▼

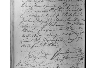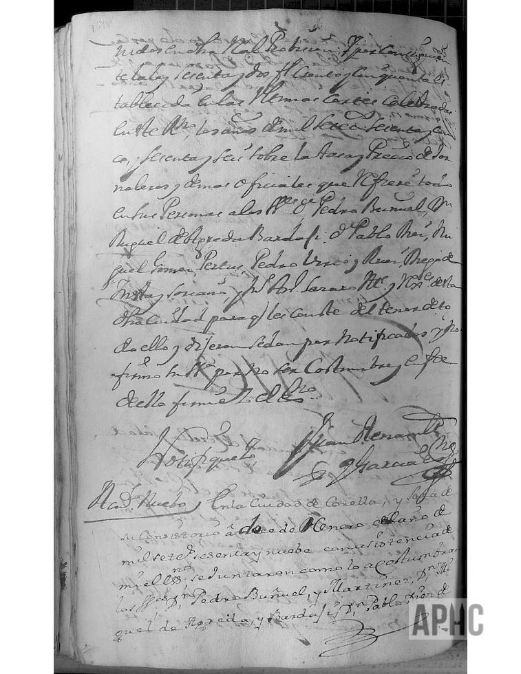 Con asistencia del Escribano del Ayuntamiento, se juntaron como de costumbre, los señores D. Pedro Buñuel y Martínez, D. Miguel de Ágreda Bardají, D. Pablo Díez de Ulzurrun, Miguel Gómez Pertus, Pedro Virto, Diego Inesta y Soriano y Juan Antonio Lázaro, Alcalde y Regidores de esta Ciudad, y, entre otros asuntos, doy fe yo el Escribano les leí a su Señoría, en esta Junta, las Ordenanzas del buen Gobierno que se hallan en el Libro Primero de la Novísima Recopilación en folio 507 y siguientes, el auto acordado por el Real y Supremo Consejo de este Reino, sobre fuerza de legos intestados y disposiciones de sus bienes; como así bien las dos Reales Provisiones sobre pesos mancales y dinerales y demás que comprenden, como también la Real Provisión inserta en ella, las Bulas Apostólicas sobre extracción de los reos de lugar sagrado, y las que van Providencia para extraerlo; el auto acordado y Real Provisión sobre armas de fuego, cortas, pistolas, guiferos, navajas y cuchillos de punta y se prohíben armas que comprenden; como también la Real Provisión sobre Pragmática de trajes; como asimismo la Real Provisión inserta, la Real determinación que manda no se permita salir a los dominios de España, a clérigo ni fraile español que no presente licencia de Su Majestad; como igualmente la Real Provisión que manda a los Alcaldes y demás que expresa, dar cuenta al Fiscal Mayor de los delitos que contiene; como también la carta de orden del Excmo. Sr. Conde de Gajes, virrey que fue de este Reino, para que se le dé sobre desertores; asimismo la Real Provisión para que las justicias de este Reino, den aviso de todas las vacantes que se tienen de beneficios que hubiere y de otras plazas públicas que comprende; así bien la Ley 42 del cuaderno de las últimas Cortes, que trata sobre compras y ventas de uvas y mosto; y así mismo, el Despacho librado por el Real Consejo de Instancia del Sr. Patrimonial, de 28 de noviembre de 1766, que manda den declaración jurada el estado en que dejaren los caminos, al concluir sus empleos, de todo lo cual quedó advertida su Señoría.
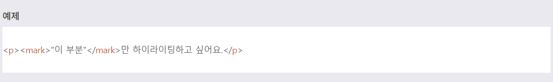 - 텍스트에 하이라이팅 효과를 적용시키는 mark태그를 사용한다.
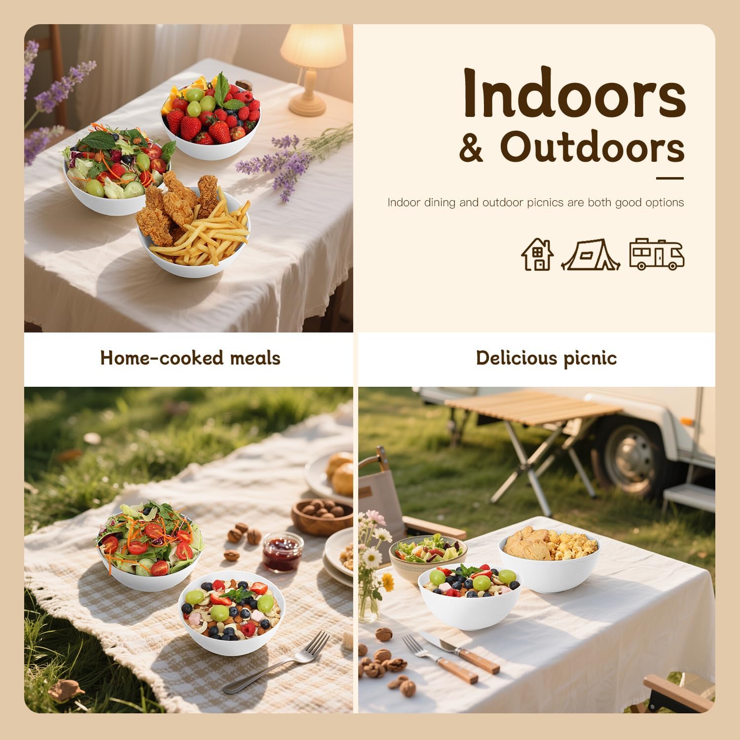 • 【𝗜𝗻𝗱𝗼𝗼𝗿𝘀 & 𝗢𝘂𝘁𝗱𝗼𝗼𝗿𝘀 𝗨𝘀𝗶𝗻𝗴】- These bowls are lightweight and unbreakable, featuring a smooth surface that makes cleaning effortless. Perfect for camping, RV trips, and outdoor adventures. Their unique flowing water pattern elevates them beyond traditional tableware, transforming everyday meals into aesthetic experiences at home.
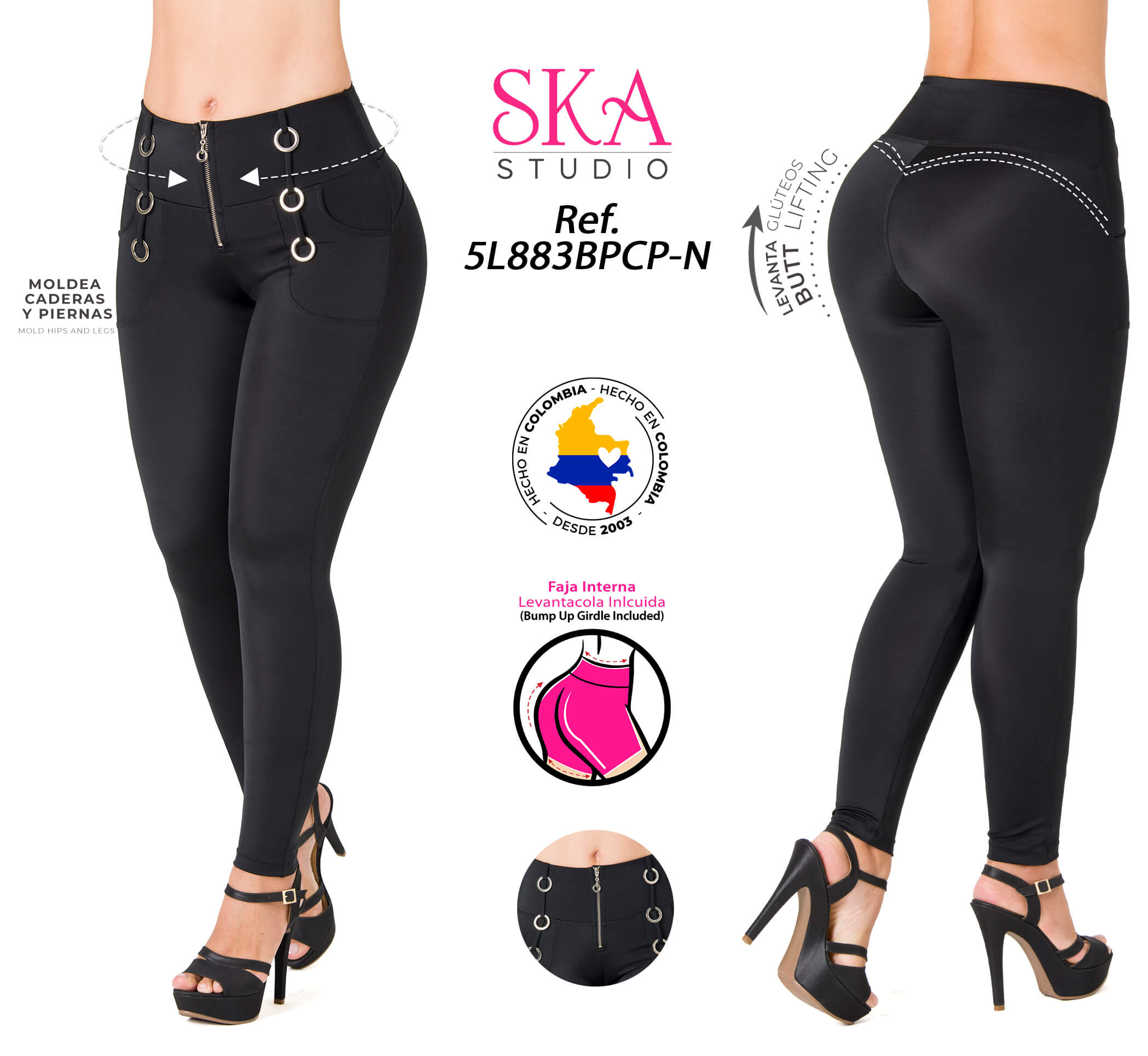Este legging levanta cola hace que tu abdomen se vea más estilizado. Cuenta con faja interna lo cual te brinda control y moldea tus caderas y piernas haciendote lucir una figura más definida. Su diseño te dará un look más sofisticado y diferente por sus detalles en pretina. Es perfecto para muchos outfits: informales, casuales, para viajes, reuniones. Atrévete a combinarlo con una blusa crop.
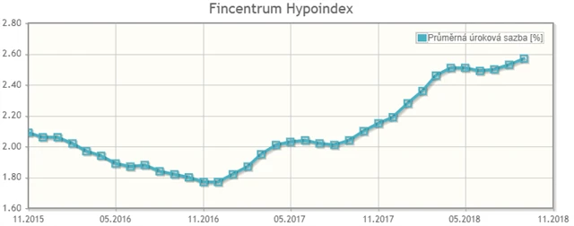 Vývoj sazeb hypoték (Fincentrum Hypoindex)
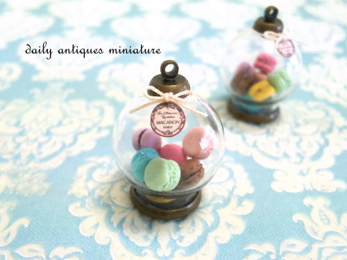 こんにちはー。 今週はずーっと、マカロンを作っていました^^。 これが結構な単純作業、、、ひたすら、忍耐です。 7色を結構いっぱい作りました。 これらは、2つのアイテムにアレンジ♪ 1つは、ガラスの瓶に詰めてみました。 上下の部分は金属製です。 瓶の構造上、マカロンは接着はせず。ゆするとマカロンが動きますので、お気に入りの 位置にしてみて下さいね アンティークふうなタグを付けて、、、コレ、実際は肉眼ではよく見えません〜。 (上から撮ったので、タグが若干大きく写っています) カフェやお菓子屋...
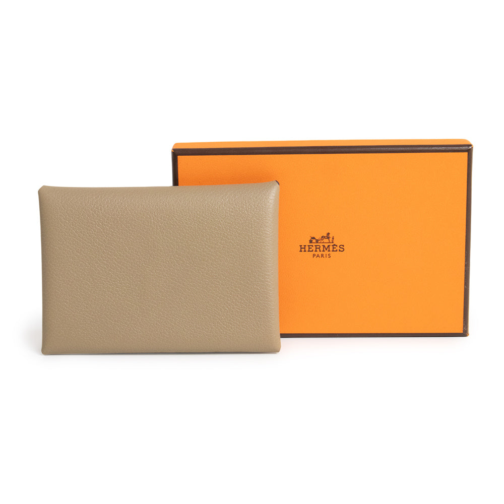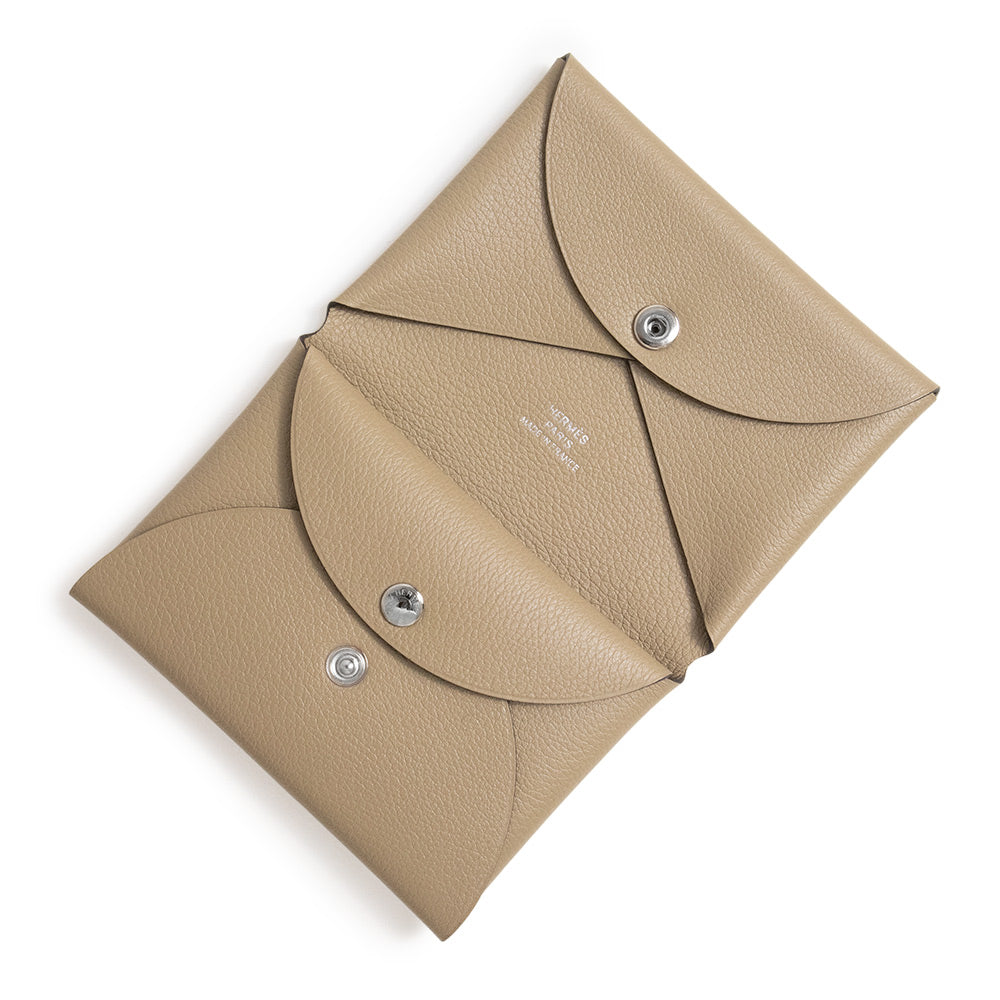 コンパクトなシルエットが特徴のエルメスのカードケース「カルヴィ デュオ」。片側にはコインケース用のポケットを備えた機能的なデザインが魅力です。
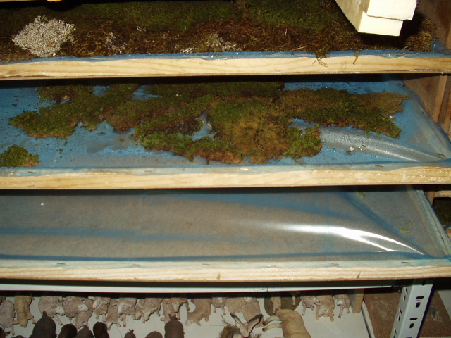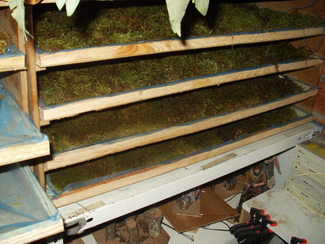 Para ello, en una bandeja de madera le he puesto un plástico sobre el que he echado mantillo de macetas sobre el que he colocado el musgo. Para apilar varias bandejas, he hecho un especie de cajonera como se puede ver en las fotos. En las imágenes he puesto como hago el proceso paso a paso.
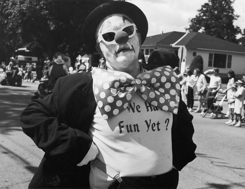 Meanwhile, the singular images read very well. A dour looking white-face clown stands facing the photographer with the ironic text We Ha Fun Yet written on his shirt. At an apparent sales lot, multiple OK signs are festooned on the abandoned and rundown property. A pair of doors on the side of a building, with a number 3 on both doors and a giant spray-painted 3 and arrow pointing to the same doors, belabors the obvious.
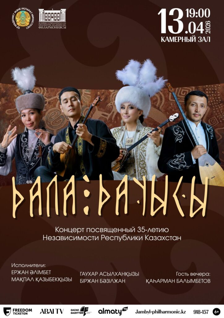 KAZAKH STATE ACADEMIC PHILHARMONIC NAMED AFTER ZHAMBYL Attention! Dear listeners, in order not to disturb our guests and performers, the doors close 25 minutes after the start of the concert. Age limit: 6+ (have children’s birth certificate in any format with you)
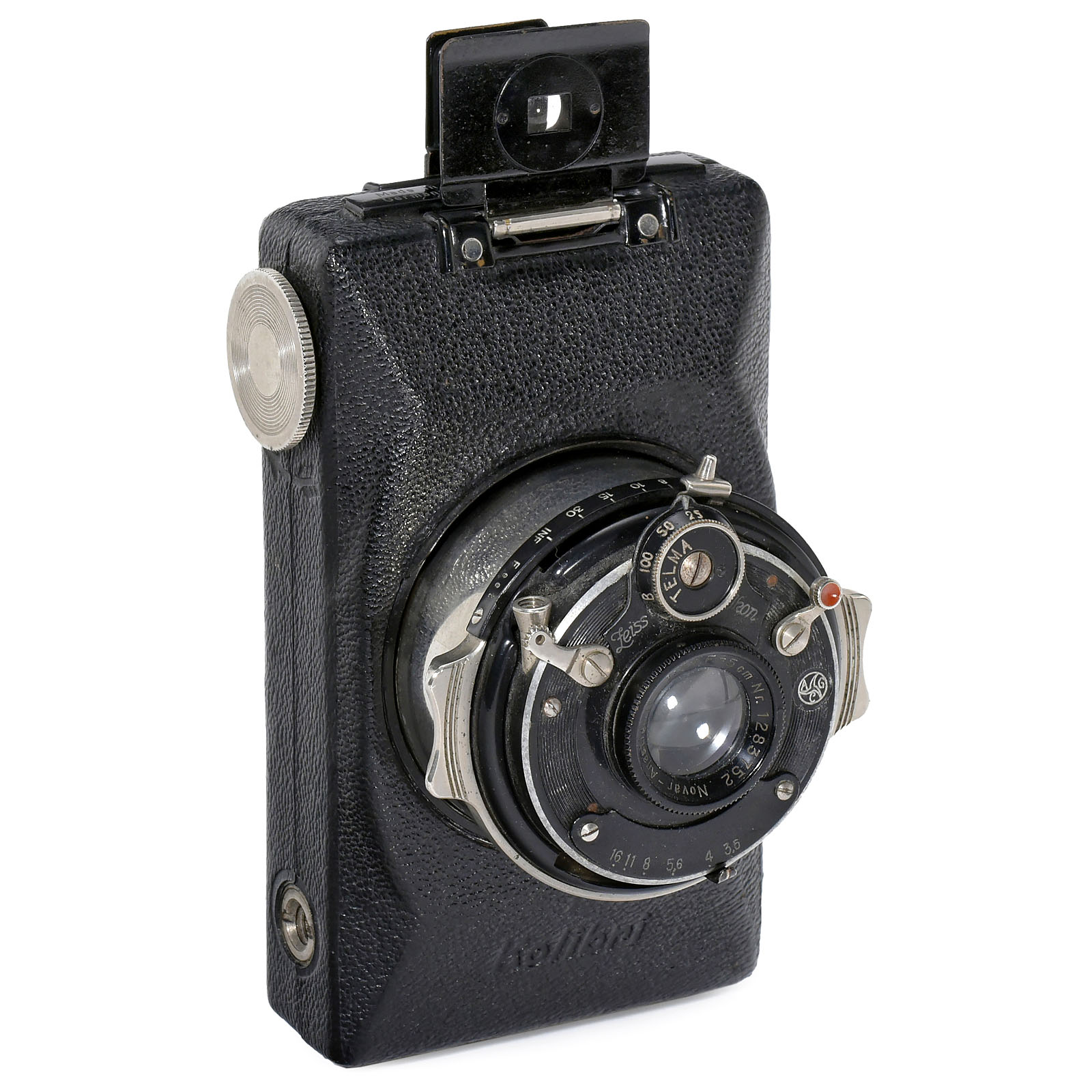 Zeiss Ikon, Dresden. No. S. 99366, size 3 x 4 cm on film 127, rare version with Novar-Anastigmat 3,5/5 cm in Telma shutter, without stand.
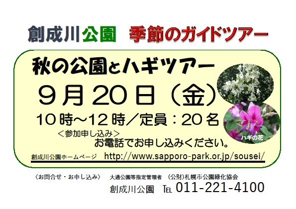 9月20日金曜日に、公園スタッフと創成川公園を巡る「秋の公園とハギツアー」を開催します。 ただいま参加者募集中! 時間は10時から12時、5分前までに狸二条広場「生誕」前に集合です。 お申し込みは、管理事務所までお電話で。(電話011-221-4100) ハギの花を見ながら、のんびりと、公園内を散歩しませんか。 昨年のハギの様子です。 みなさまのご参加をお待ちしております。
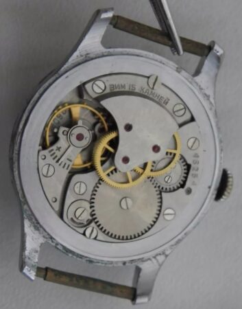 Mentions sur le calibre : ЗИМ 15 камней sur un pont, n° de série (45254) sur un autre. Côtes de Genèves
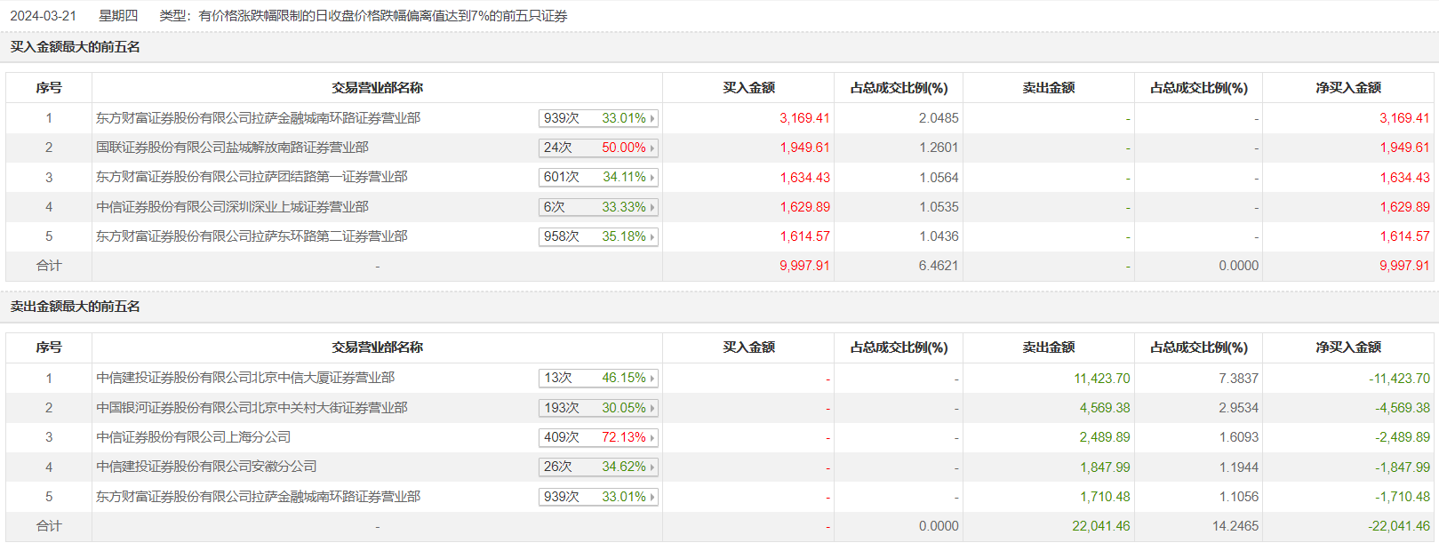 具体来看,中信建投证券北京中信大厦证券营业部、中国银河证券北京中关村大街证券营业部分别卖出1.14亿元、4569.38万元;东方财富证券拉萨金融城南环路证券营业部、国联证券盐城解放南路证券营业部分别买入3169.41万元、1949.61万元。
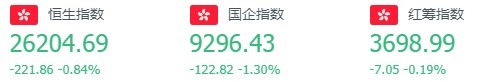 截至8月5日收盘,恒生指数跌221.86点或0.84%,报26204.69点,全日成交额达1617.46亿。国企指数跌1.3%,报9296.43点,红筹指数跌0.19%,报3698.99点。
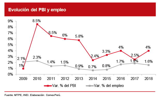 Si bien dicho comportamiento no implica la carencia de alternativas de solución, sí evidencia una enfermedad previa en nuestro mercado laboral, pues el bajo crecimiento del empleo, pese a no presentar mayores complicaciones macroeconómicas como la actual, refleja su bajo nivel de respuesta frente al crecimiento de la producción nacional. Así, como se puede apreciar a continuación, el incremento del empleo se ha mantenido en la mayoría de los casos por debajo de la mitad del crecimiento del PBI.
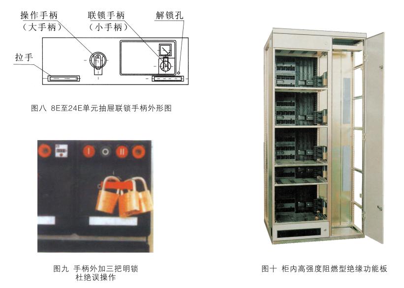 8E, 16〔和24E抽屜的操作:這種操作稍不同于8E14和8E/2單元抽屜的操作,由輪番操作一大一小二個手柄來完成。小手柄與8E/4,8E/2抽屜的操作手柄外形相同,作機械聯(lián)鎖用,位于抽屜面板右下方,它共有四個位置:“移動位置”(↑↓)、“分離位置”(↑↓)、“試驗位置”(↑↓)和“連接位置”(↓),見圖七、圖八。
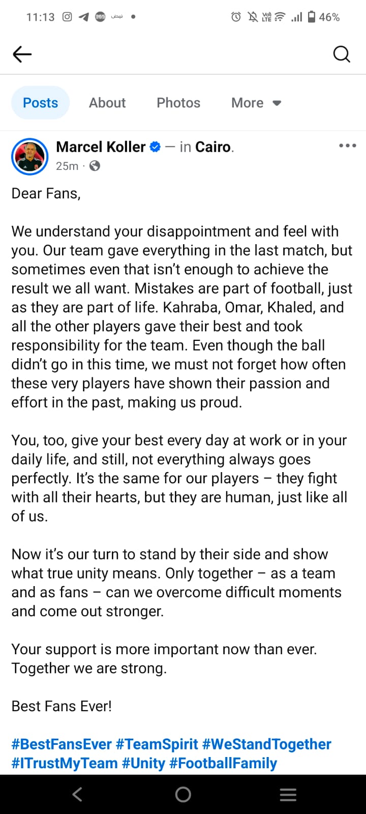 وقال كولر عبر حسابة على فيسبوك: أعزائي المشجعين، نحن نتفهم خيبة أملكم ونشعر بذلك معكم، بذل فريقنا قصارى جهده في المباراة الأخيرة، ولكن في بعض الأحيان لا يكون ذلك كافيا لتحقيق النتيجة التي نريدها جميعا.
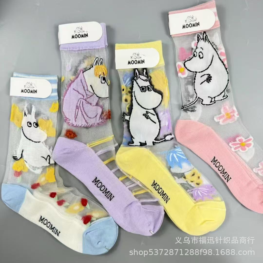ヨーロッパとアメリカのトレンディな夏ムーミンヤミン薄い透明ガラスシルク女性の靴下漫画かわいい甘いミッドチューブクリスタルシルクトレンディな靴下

▲

◆ Work to complete
Out of the records above, please copy exactly the lines from the line with "experiences at home." up to and including the line with "Para ello, en", minus the pictures.

◆ Response to this task
 • 【𝗜𝗻𝗱𝗼𝗼𝗿𝘀 & 𝗢𝘂𝘁𝗱𝗼𝗼𝗿𝘀 𝗨𝘀𝗶𝗻𝗴】- These bowls are lightweight and unbreakable, featuring a smooth surface that makes cleaning effortless. Perfect for camping, RV trips, and outdoor adventures. Their unique flowing water pattern elevates them beyond traditional tableware, transforming everyday meals into aesthetic experiences at home.
Este legging levanta cola hace que tu abdomen se vea más estilizado. Cuenta con faja interna lo cual te brinda control y moldea tus caderas y piernas haciendote lucir una figura más definida. Su diseño te dará un look más sofisticado y diferente por sus detalles en pretina. Es perfecto para muchos outfits: informales, casuales, para viajes, reuniones. Atrévete a combinarlo con una blusa crop.
 Vývoj sazeb hypoték (Fincentrum Hypoindex)
 こんにちはー。 今週はずーっと、マカロンを作っていました^^。 これが結構な単純作業、、、ひたすら、忍耐です。 7色を結構いっぱい作りました。 これらは、2つのアイテムにアレンジ♪ 1つは、ガラスの瓶に詰めてみました。 上下の部分は金属製です。 瓶の構造上、マカロンは接着はせず。ゆするとマカロンが動きますので、お気に入りの 位置にしてみて下さいね アンティークふうなタグを付けて、、、コレ、実際は肉眼ではよく見えません〜。 (上から撮ったので、タグが若干大きく写っています) カフェやお菓子屋...
 コンパクトなシルエットが特徴のエルメスのカードケース「カルヴィ デュオ」。片側にはコインケース用のポケットを備えた機能的なデザインが魅力です。
 Para ello, en una bandeja de madera le he puesto un plástico sobre el que he echado mantillo de macetas sobre el que he colocado el musgo. Para apilar varias bandejas, he hecho un especie de cajonera como se puede ver en las fotos. En las imágenes he puesto como hago el proceso paso a paso.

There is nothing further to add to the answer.